> [Task goal]:
Restate the entries below word for word, leaving nothing out.

> [Items from a data source]:
================
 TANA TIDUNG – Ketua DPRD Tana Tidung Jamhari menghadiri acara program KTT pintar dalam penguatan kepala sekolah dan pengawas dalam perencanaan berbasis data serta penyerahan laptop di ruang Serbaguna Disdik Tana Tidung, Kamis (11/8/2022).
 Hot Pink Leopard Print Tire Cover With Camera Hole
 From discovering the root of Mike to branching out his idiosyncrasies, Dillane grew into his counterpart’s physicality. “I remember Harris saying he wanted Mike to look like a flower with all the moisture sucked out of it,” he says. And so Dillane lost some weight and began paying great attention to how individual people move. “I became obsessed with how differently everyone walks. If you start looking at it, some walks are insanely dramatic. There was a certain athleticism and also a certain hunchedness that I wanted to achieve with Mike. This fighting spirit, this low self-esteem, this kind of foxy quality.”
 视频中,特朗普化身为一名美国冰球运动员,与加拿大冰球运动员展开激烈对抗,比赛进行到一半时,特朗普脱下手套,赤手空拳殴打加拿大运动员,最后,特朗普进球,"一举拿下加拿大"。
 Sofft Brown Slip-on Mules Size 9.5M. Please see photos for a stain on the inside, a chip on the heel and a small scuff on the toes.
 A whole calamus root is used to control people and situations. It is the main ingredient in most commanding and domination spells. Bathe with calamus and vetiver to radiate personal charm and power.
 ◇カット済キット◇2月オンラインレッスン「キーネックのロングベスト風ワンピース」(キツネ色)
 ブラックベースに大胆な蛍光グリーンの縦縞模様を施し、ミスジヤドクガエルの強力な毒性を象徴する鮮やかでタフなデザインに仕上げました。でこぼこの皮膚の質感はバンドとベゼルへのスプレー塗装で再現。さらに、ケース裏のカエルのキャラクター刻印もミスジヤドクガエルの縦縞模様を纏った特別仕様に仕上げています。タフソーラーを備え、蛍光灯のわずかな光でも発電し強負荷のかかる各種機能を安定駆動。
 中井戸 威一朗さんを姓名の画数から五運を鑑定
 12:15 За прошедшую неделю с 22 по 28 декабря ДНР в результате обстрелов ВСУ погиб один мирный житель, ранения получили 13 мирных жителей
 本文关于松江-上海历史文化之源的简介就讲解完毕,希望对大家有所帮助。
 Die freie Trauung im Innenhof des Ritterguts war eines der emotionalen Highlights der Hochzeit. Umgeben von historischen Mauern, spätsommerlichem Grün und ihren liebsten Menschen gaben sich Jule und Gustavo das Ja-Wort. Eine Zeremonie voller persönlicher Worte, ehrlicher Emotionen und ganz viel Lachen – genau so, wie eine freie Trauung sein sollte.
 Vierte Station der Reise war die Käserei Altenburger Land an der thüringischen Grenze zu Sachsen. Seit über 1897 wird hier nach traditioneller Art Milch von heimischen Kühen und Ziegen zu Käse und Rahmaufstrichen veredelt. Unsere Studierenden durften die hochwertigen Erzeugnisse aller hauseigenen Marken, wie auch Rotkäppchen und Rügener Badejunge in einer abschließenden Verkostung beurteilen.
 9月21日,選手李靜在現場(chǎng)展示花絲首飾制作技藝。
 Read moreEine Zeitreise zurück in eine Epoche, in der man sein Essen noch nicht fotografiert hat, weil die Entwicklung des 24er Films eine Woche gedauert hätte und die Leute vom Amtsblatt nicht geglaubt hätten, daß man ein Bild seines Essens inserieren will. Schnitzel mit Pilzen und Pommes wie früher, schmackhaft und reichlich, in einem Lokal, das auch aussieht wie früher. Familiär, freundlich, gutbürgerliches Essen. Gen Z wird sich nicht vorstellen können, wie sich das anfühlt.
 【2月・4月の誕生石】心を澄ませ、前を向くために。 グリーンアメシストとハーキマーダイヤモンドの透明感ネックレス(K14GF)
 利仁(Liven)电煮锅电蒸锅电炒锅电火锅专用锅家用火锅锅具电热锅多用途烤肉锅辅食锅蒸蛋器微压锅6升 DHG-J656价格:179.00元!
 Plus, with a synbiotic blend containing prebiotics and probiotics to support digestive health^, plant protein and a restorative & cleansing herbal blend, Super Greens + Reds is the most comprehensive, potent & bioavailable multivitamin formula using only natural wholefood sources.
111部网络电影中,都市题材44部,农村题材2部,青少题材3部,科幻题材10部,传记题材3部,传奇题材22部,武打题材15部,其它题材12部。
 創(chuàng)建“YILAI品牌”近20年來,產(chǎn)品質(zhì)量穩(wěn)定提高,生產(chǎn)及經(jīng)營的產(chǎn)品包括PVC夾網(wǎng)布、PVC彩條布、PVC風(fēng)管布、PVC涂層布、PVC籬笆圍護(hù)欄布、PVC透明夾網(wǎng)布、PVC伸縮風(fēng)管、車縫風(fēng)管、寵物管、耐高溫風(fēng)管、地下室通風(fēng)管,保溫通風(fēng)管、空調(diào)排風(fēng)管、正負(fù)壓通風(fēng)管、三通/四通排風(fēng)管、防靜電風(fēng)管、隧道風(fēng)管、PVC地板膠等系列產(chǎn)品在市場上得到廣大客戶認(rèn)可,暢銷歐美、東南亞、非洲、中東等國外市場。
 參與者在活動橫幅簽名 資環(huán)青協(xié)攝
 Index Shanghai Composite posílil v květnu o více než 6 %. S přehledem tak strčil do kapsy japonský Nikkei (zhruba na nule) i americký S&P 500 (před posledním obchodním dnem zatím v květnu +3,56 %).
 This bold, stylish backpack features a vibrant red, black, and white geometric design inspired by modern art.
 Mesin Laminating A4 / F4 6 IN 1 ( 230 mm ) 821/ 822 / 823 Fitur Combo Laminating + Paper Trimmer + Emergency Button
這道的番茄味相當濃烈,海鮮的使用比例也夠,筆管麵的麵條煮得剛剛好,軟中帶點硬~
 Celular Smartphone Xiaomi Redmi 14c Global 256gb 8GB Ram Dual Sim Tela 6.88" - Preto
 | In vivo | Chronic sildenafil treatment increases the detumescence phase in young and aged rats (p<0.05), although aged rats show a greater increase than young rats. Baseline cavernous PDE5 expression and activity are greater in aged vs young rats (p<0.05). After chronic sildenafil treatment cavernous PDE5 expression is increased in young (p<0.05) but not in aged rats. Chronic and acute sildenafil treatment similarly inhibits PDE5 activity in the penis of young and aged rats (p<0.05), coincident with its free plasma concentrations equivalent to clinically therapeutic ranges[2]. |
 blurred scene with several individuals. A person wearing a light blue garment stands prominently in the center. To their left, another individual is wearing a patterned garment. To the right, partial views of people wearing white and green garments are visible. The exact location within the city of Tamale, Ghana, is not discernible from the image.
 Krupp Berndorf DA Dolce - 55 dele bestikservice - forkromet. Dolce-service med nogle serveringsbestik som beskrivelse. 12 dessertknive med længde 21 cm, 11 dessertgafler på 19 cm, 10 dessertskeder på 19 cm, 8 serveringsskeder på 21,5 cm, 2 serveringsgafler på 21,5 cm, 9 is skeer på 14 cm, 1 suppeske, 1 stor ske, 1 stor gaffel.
================
> [Task response]:
 TANA TIDUNG – Ketua DPRD Tana Tidung Jamhari menghadiri acara program KTT pintar dalam penguatan kepala sekolah dan pengawas dalam perencanaan berbasis data serta penyerahan laptop di ruang Serbaguna Disdik Tana Tidung, Kamis (11/8/2022).
 Hot Pink Leopard Print Tire Cover With Camera Hole
 From discovering the root of Mike to branching out his idiosyncrasies, Dillane grew into his counterpart’s physicality. “I remember Harris saying he wanted Mike to look like a flower with all the moisture sucked out of it,” he says. And so Dillane lost some weight and began paying great attention to how individual people move. “I became obsessed with how differently everyone walks. If you start looking at it, some walks are insanely dramatic. There was a certain athleticism and also a certain hunchedness that I wanted to achieve with Mike. This fighting spirit, this low self-esteem, this kind of foxy quality.”
 视频中,特朗普化身为一名美国冰球运动员,与加拿大冰球运动员展开激烈对抗,比赛进行到一半时,特朗普脱下手套,赤手空拳殴打加拿大运动员,最后,特朗普进球,"一举拿下加拿大"。
 Sofft Brown Slip-on Mules Size 9.5M. Please see photos for a stain on the inside, a chip on the heel and a small scuff on the toes.
 A whole calamus root is used to control people and situations. It is the main ingredient in most commanding and domination spells. Bathe with calamus and vetiver to radiate personal charm and power.
 ◇カット済キット◇2月オンラインレッスン「キーネックのロングベスト風ワンピース」(キツネ色)
 ブラックベースに大胆な蛍光グリーンの縦縞模様を施し、ミスジヤドクガエルの強力な毒性を象徴する鮮やかでタフなデザインに仕上げました。でこぼこの皮膚の質感はバンドとベゼルへのスプレー塗装で再現。さらに、ケース裏のカエルのキャラクター刻印もミスジヤドクガエルの縦縞模様を纏った特別仕様に仕上げています。タフソーラーを備え、蛍光灯のわずかな光でも発電し強負荷のかかる各種機能を安定駆動。
 中井戸 威一朗さんを姓名の画数から五運を鑑定
 12:15 За прошедшую неделю с 22 по 28 декабря ДНР в результате обстрелов ВСУ погиб один мирный житель, ранения получили 13 мирных жителей
 本文关于松江-上海历史文化之源的简介就讲解完毕,希望对大家有所帮助。
 Die freie Trauung im Innenhof des Ritterguts war eines der emotionalen Highlights der Hochzeit. Umgeben von historischen Mauern, spätsommerlichem Grün und ihren liebsten Menschen gaben sich Jule und Gustavo das Ja-Wort. Eine Zeremonie voller persönlicher Worte, ehrlicher Emotionen und ganz viel Lachen – genau so, wie eine freie Trauung sein sollte.
 Vierte Station der Reise war die Käserei Altenburger Land an der thüringischen Grenze zu Sachsen. Seit über 1897 wird hier nach traditioneller Art Milch von heimischen Kühen und Ziegen zu Käse und Rahmaufstrichen veredelt. Unsere Studierenden durften die hochwertigen Erzeugnisse aller hauseigenen Marken, wie auch Rotkäppchen und Rügener Badejunge in einer abschließenden Verkostung beurteilen.
 9月21日,選手李靜在現場(chǎng)展示花絲首飾制作技藝。
 Read moreEine Zeitreise zurück in eine Epoche, in der man sein Essen noch nicht fotografiert hat, weil die Entwicklung des 24er Films eine Woche gedauert hätte und die Leute vom Amtsblatt nicht geglaubt hätten, daß man ein Bild seines Essens inserieren will. Schnitzel mit Pilzen und Pommes wie früher, schmackhaft und reichlich, in einem Lokal, das auch aussieht wie früher. Familiär, freundlich, gutbürgerliches Essen. Gen Z wird sich nicht vorstellen können, wie sich das anfühlt.
 【2月・4月の誕生石】心を澄ませ、前を向くために。 グリーンアメシストとハーキマーダイヤモンドの透明感ネックレス(K14GF)
 利仁(Liven)电煮锅电蒸锅电炒锅电火锅专用锅家用火锅锅具电热锅多用途烤肉锅辅食锅蒸蛋器微压锅6升 DHG-J656价格:179.00元!
 Plus, with a synbiotic blend containing prebiotics and probiotics to support digestive health^, plant protein and a restorative & cleansing herbal blend, Super Greens + Reds is the most comprehensive, potent & bioavailable multivitamin formula using only natural wholefood sources.
111部网络电影中,都市题材44部,农村题材2部,青少题材3部,科幻题材10部,传记题材3部,传奇题材22部,武打题材15部,其它题材12部。
 創(chuàng)建“YILAI品牌”近20年來,產(chǎn)品質(zhì)量穩(wěn)定提高,生產(chǎn)及經(jīng)營的產(chǎn)品包括PVC夾網(wǎng)布、PVC彩條布、PVC風(fēng)管布、PVC涂層布、PVC籬笆圍護(hù)欄布、PVC透明夾網(wǎng)布、PVC伸縮風(fēng)管、車縫風(fēng)管、寵物管、耐高溫風(fēng)管、地下室通風(fēng)管,保溫通風(fēng)管、空調(diào)排風(fēng)管、正負(fù)壓通風(fēng)管、三通/四通排風(fēng)管、防靜電風(fēng)管、隧道風(fēng)管、PVC地板膠等系列產(chǎn)品在市場上得到廣大客戶認(rèn)可,暢銷歐美、東南亞、非洲、中東等國外市場。
 參與者在活動橫幅簽名 資環(huán)青協(xié)攝
 Index Shanghai Composite posílil v květnu o více než 6 %. S přehledem tak strčil do kapsy japonský Nikkei (zhruba na nule) i americký S&P 500 (před posledním obchodním dnem zatím v květnu +3,56 %).
 This bold, stylish backpack features a vibrant red, black, and white geometric design inspired by modern art.
 Mesin Laminating A4 / F4 6 IN 1 ( 230 mm ) 821/ 822 / 823 Fitur Combo Laminating + Paper Trimmer + Emergency Button
這道的番茄味相當濃烈,海鮮的使用比例也夠,筆管麵的麵條煮得剛剛好,軟中帶點硬~
 Celular Smartphone Xiaomi Redmi 14c Global 256gb 8GB Ram Dual Sim Tela 6.88" - Preto
 | In vivo | Chronic sildenafil treatment increases the detumescence phase in young and aged rats (p<0.05), although aged rats show a greater increase than young rats. Baseline cavernous PDE5 expression and activity are greater in aged vs young rats (p<0.05). After chronic sildenafil treatment cavernous PDE5 expression is increased in young (p<0.05) but not in aged rats. Chronic and acute sildenafil treatment similarly inhibits PDE5 activity in the penis of young and aged rats (p<0.05), coincident with its free plasma concentrations equivalent to clinically therapeutic ranges[2]. |
 blurred scene with several individuals. A person wearing a light blue garment stands prominently in the center. To their left, another individual is wearing a patterned garment. To the right, partial views of people wearing white and green garments are visible. The exact location within the city of Tamale, Ghana, is not discernible from the image.
 Krupp Berndorf DA Dolce - 55 dele bestikservice - forkromet. Dolce-service med nogle serveringsbestik som beskrivelse. 12 dessertknive med længde 21 cm, 11 dessertgafler på 19 cm, 10 dessertskeder på 19 cm, 8 serveringsskeder på 21,5 cm, 2 serveringsgafler på 21,5 cm, 9 is skeer på 14 cm, 1 suppeske, 1 stor ske, 1 stor gaffel.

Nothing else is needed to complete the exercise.